Dronedarone does not appear to interact significantly with oral anticoagulants (OAC) as there was no effect seen on international normalized ratios (INR) of patients receiving OAC [60]. In contrast, amiodarone appeared to interact with OAC as there was a higher proportion of patients with elevated INR (>4.5) with amiodarone compared with dronedarone, and more frequent dose adjustments [21]. There were fewer haemorrhagic events in patients taking dronedarone and fewer patients with low haemoglobin levels (1.3 %) compared with amiodarone (4.7 %).
8 Place in Therapy
Before discussing the place of dronedarone in the management of AF we must first address some inconsistent findings between the studies. As previously stated, in earlier studies [51, 61] dronedarone was found to reduce the risk of cardiovascular hospitalization or death in patients with non-permanent AF. However, in more recent studies [19, 63] dronedarone was found to cause increased mortality, worsening heart failure, more strokes [19] and more cardiovascular hospitalizations.
8.1 Role in Heart Failure
In ATHENA the primary outcome was any cardiovascular hospitalization or death from any cause, which was found to be significantly less in patients receiving dronedarone [61]. However, further inspection suggests that dronedarone may not have such beneficial effects in heart failure as would first appear. The first point to note is that there was no significant reduction in all-cause mortality. Secondly, although there was a reduction in cardiovascular mortality, this was driven by a reduction in deaths due to cardiac arrhythmia (HR 0.55; 95 % CI 0.34–0.88; p = 0.01). Thirdly, although there was a reduction in first hospitalization due to cardiovascular causes, this was driven by reductions in AF and acute coronary syndrome-related hospitalizations, with no significant reduction in first hospitalization due to heart failure. The sub-group analysis of patients with heart failure (approximately 20 %) showed similar results. This study supports the finding that dronedarone has good anti-arrhythmic effects (maintenance of sinus rhythm and prevention of cardiac arrhythmias).
The results of ANDROMEDA were opposite to those of prior studies that had shown that dronedarone could have effects potentially beneficial to patients with heart failure: rate-lowering effect, mild BP-lowering effect, anti-adrenergic effect and a ventricular arrhythmia-suppressing effect. A reduction in mortality was expected, however the opposite occurred: dronedarone was found to double the risk of all-cause mortality. Almost all deaths were due to cardiovascular causes and were predominantly due to worsening heart failure and arrhythmias. To try and place these findings into context we must understand the group of patients studied and scrutinize the results further.
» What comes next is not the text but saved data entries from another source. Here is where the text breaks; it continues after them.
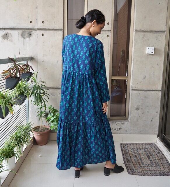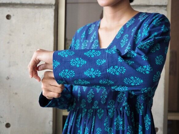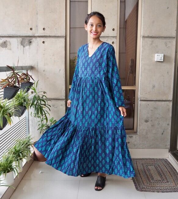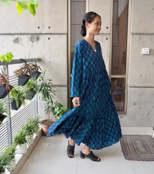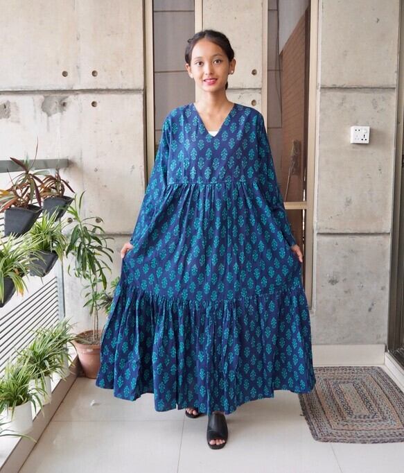 インド綿Vネックティアードワンピース(スクリーンプリント)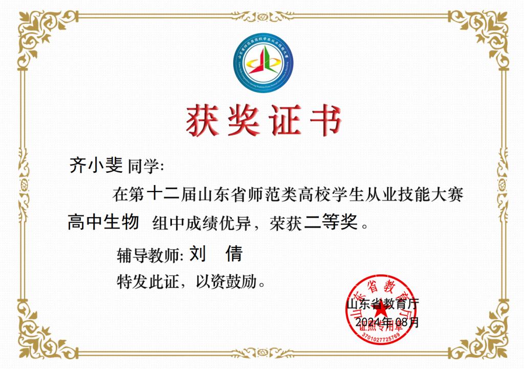 我院山東省師范類高校學生從業(yè)技能大賽獲獎情況
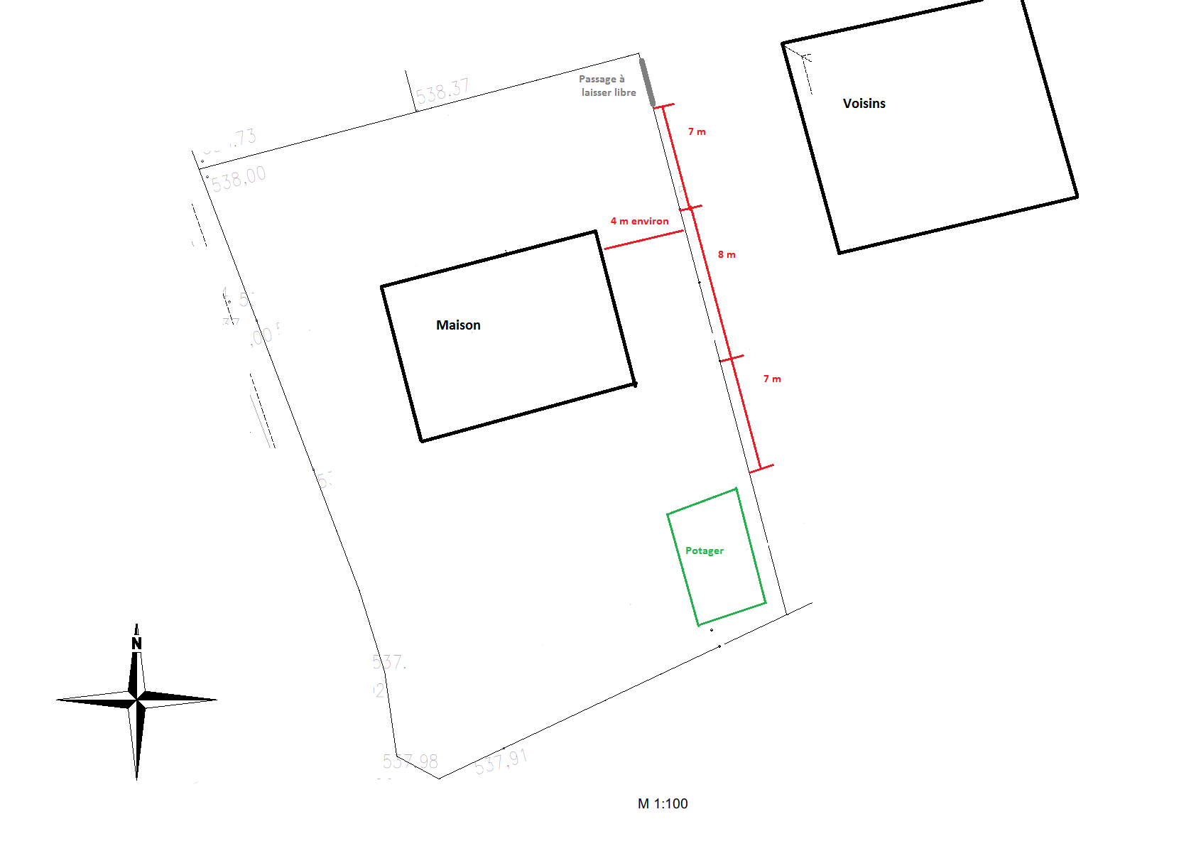 L'emplacement est orienté Est, à environ 4 m de la maison et fait environ 22 m de long.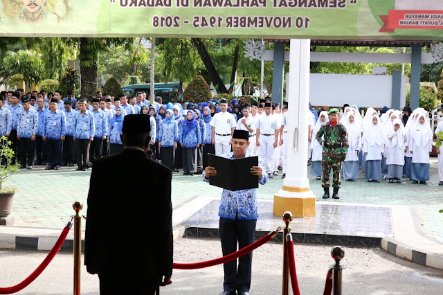 Bupati Banjar Khalilurrahman menyampaikan amanat Menteri Sosial RI Agus Gumiwang Kartasasmita, mengenang para pahlawan dalam peristiwa pertempuran di Surabaya pada 73 tahun silam.

The main differences between ATHENA and ANDROMEDA are as follows. ATHENA was a study of 4628 patients with non-permanent AF (defined as an ECG showing AF or atrial flutter, and a second ECG showing sinus rhythm within 6 months prior to randomization), of whom around 20 % (approximately 900) had stable heart failure (with no recent decompensation within 4 weeks prior to randomization, and NYHA class I–III). ANDROMEDA was a study of 627 patients with unstable heart failure (recent hospitalization with new or worsening heart failure with NYHA class II–IV), of whom one-quarter (approximately 150) had AF (type unspecified) at randomization. In comparing these studies we are comparing approximately 900 patients with non-permanent AF and stable heart failure (ATHENA) with approximately 150 patients with unspecified AF and unstable heart failure (ANDROMEDA). At the time of randomization it appears that patients in ANDROMEDA were not optimally treated for heart failure, with 88 % receiving an ACE inhibitor or angiotensin-receptor blocker (ARB), 62 % receiving a β-blocker and 42 % receiving spironolactone. Given the majority of patients were in NYHA class II–III, there was scope for further optimization of heart failure therapy.
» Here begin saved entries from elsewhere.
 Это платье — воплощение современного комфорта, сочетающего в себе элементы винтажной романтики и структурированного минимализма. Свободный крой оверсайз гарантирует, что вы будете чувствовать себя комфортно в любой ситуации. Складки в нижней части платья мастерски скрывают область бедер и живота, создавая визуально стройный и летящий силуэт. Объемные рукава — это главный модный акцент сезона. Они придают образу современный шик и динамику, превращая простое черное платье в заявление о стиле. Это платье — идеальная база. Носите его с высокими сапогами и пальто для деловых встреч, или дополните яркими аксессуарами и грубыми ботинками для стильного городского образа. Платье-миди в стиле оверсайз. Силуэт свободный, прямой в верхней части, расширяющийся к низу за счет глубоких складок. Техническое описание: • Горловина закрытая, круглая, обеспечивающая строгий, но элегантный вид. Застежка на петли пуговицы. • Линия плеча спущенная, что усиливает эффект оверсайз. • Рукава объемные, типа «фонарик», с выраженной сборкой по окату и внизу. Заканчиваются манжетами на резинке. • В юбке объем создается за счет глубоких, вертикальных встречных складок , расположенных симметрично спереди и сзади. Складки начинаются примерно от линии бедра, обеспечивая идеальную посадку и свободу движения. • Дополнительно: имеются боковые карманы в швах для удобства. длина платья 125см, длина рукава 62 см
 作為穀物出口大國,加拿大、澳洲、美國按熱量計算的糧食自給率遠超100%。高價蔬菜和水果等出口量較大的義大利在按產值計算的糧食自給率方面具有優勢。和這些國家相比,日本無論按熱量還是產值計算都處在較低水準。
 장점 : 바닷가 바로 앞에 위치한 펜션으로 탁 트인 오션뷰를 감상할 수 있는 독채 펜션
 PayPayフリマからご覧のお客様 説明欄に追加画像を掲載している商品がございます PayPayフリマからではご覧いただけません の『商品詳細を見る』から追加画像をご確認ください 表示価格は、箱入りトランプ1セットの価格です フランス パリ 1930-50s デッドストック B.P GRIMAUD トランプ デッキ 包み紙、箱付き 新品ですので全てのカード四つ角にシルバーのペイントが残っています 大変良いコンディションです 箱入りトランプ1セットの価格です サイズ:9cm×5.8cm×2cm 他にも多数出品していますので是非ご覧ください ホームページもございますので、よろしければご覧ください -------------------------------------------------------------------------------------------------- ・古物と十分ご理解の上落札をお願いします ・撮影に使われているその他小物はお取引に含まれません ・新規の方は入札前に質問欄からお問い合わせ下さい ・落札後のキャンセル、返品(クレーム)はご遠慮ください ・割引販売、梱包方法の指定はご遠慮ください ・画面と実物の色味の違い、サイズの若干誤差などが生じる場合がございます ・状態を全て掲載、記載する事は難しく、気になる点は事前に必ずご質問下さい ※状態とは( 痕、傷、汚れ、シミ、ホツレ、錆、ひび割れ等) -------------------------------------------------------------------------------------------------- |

It is believed that the main cause for the increased mortality found in ANDROMEDA was the instability of patients recruited (recent onset or worsening of heart failure). It has also been suggested that the study was discontinued too prematurely and therefore was not statistically powered to draw major conclusions. The number of deaths was small (25 in the dronedarone group vs 12 in placebo), which has led to some believing that if the study had continued the mortality rates may have evened out. To further support this, when events resulting in death were excluded, similar rates of cardiac events (including heart failure) were seen in both groups (any cardiac event dronedarone vs placebo, 21.9 vs 16.4 %; heart failure event 10.0 vs 8.2 %).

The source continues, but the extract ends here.